I ordered a set of A/V cables for the Mini so I can hook up an analog speaker. For now I'll use a small 7" screen I bought for those times when a screen is needed. It supports HDMI and has built-in audio, it's not the best solution but it is a start.

This screen is sold as a add on screen for those people installing a rear seat entertainment system in their car or are installing a backup camera. It works great as a small, temporary use, inexpensive (only $45) monitor.


----------



## krkaufman (Nov 25, 2003)

Tipperton said:


> I hadn't thought that there'd be ethernet extenders that use existing wiring for AC.


MoCA (coax) would be better if you have the coax outlets available.


----------



## Tipperton (May 23, 2017)

Unfortunately, the only coax outlets in my entire apartment are in the living room which is on the opposite end of the apartment from the bed room. So I don't want to have to try to get coax into the bed room.


----------



## krkaufman (Nov 25, 2003)

Tipperton said:


> Unfortunately, the only coax outlets in my entire apartment are in the living room which is on the opposite end of the apartment from the bed room.
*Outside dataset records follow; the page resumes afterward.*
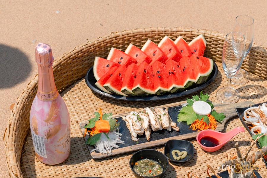 ปิดท้ายด้วยผลไม้เติมความเฟรชให้ร่างกายอย่างแตงโมฉ่ำๆ ชิ้นใหญ่ เนื้อร่วน และเครื่องดื่มเอาใจสายชิลล์อย่าง Sparkling wine ขวดใหญ่ พร้อมแก้วไวน์ให้ริน จิบเบาๆ คู่กับอาหารซีฟู้ดสดๆ บอกเลยว่าได้ฟีลสุดๆ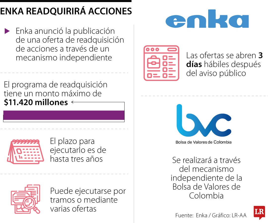 Asimismo, el precio de readquisición, así como el número de títulos de cada uno de los tramos, será informado por medio de la Superfinanciera. Los destinatarios del programa de readquisición son los accionistas de Enka, quienes deben estar debidamente inscritos como tal ante Deceval.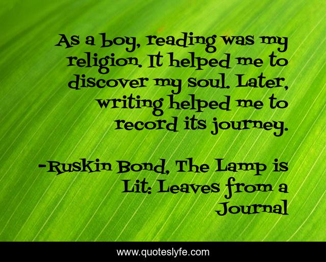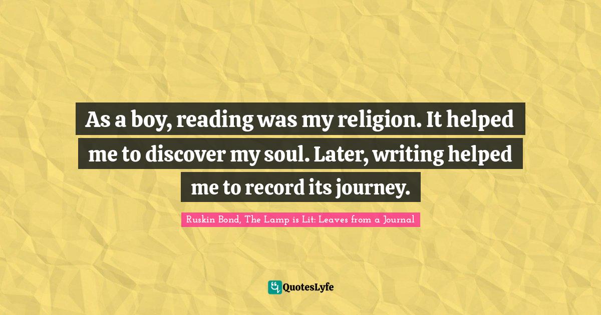 This page presents the quote "As a boy, reading was my religion. It helped me to discover my soul. Later, writing helped me to record its journey.". Author of this quote is Ruskin Bond, The Lamp is Lit: Leaves from a Journal. This quote is about record, soul, writing, religion, journey, reading, discovery,.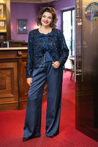 Жакет прямого силуэта, со спущенной линией плеча, с застёжкой по притачной планке на пробивные петли и пуговицы. Перед с накладными карманами с клапаном, клапаны декорированы пришивными нашивками. Спинка со средним швом, чуть ниже линии талии кулиса и завязка фиксируемая степень прилегания. Рукава втачные, двухшовные, понизу с разрезом, мягкой складкой и притачными манжетами на пробивную петлю и пуговицу. Воротник отложной.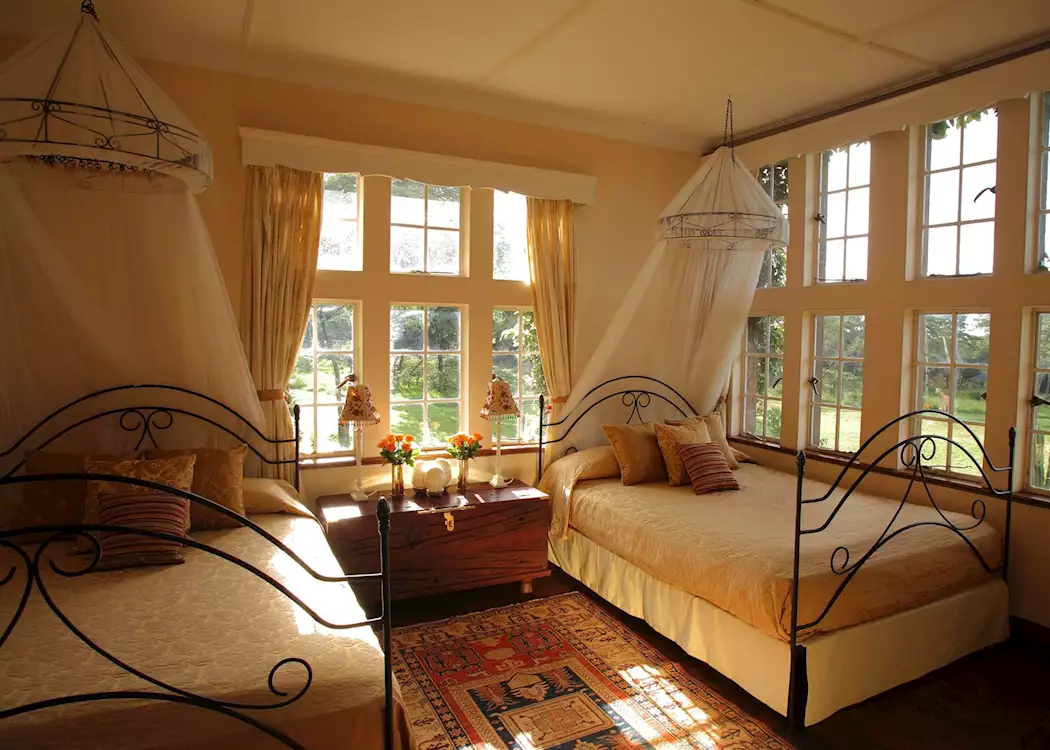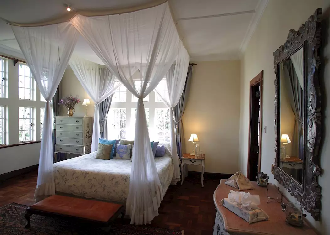 At Giraffe Manor if you leave the window open you will definitely end up with a giraffe peering at you as you wake up, or with it’s head in your salad bowl – feeding the giraffe through the windows and on the lawn is an absolute highlight. The house itself is decorated in old English style and is comfortable and elegant, with exceptional food.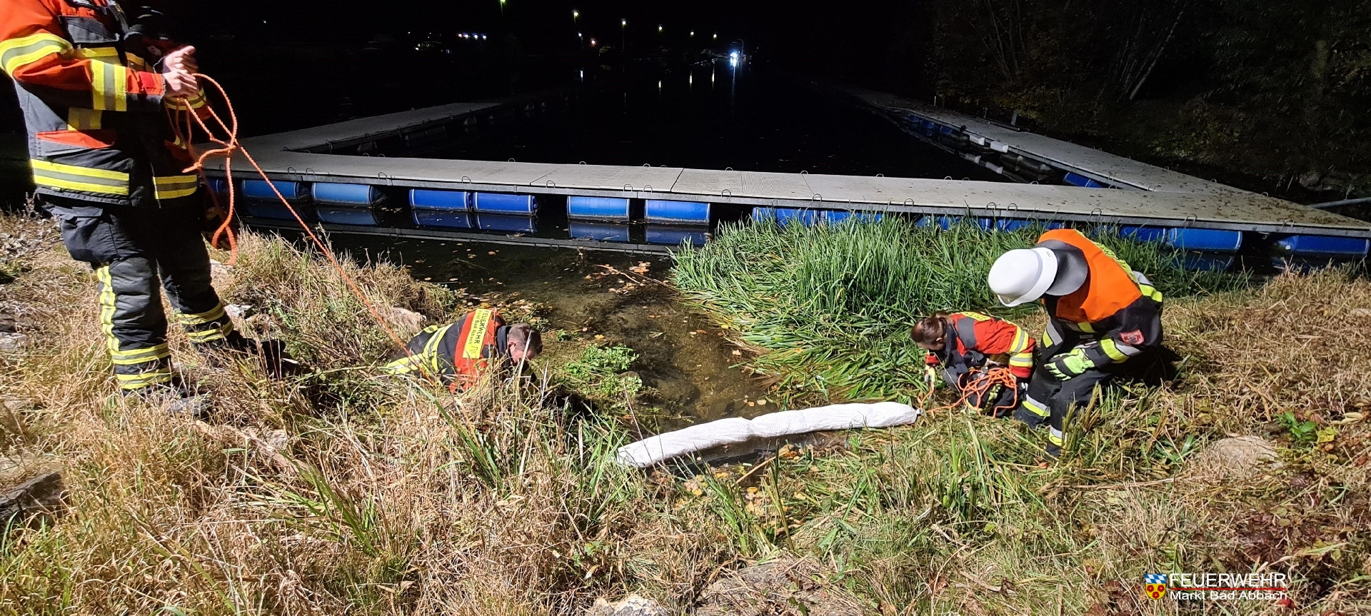 Um das Ausmaß der Verschmutzung besser erkennen zu können, leuchteten mehrere Einheiten sowie unsere Drehleiter die Wasseroberfläche aus.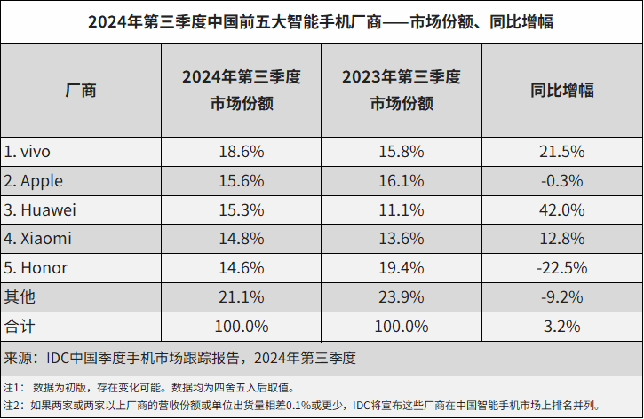 需要注意的是,IDC数据显示,2024年以来,中国智能手机行业已开始稳步复苏,Q1-Q3分别同比增长6.5%、9.2%以及3.2%。在此背景下,vivo、华为、小米等手机厂商的出货量均同比正增长。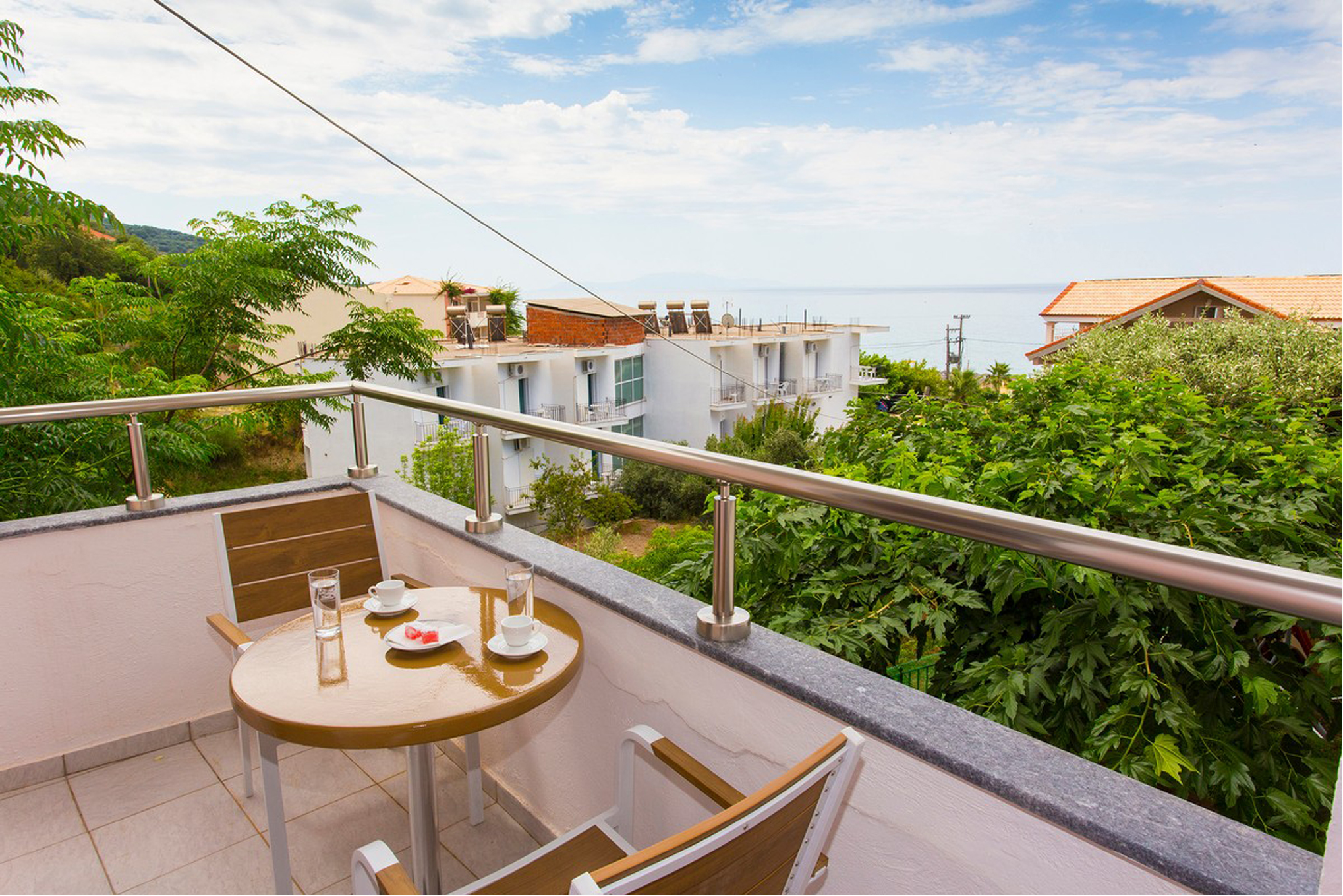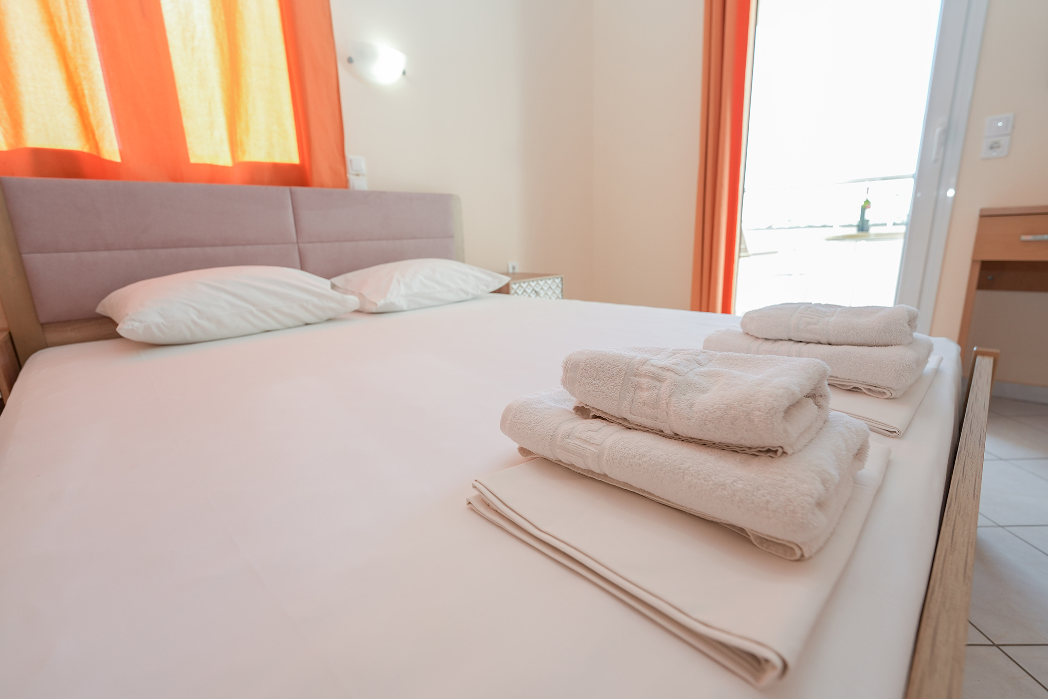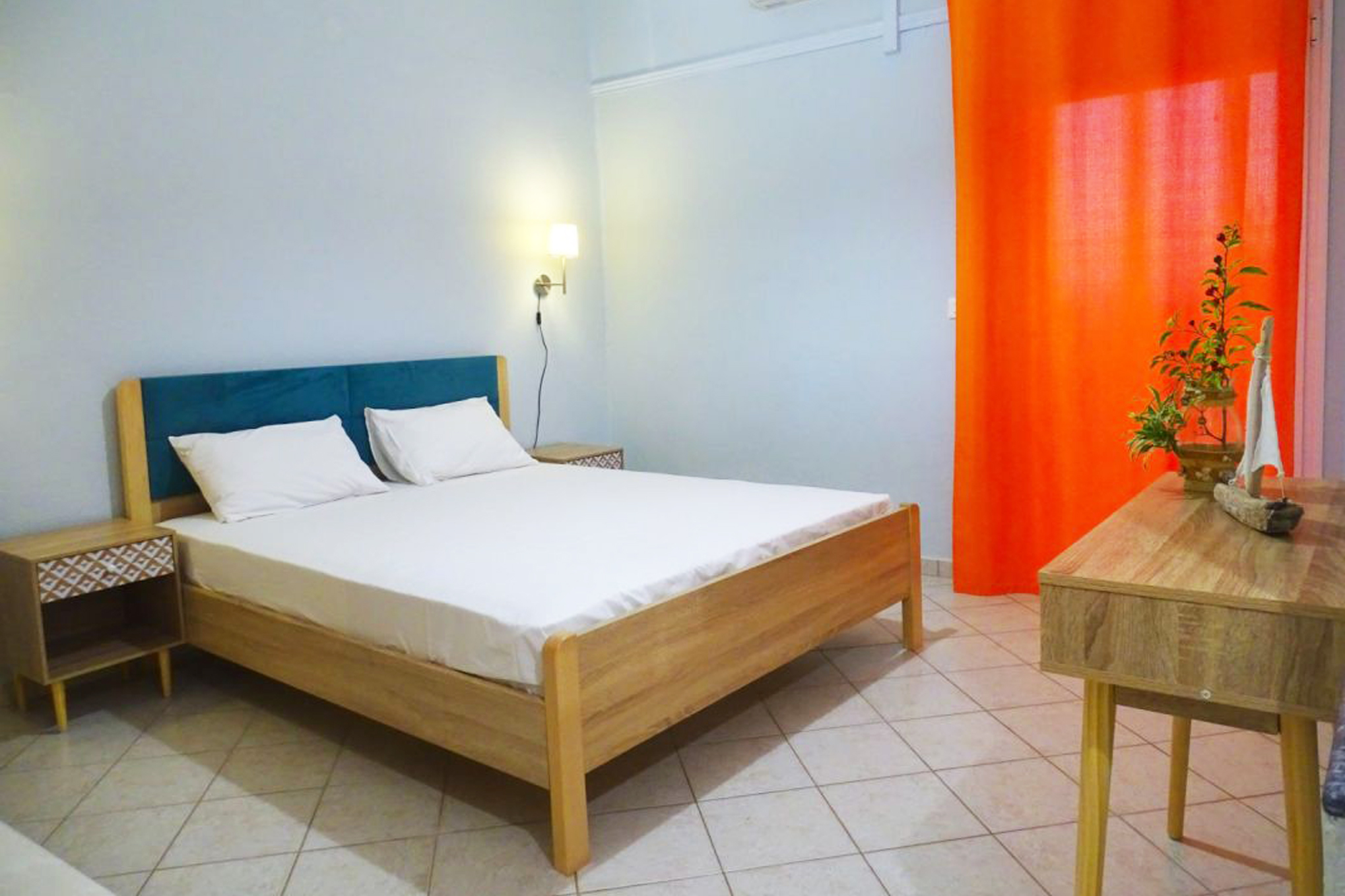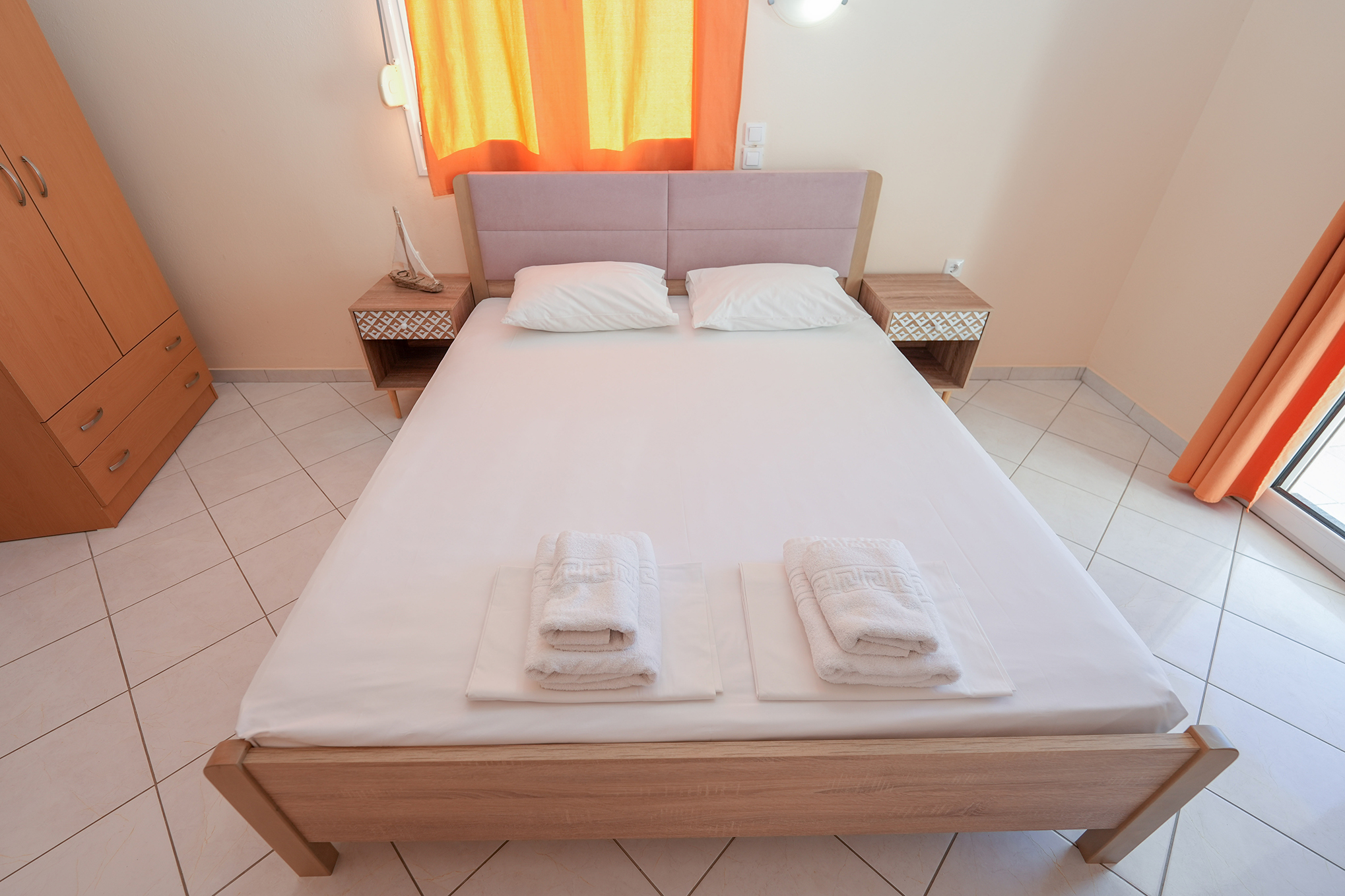 Δίκλινα Δωμάτια Δωμάτιο Ν.5, ισόγειο, με θέα στον κήπο. Δωμάτιο Ν.7, όροφος, με θέα στη θάλασσα. Δωμάτιο Ν.9, όροφος, με θέα στη θάλασσα.

So I don't want to have to try to get coax into the bed room.


No, certainly, thus the caveat...


krkaufman said:


> ... if you have the coax outlets available.


----------



## Tipperton (May 23, 2017)

I also have this question: Is it necessary to share a tuner on the DVR if I am not interested in viewing live TV in the bed room with the Mini?

Or to put it another way, will I be able to play recorded shows on the DVR with the Mini even if I don't share any of my Bolt's tuners?


----------



## JoeKustra (Dec 7, 2012)

Tipperton said:


> I also have this question: Is it necessary to share a tuner on the DVR if I am not interested in viewing live TV in the bed room with the Mini?
> Or to put it another way, will I be able to play recorded shows on the DVR with the Mini even if I don't share any of my Bolt's tuners?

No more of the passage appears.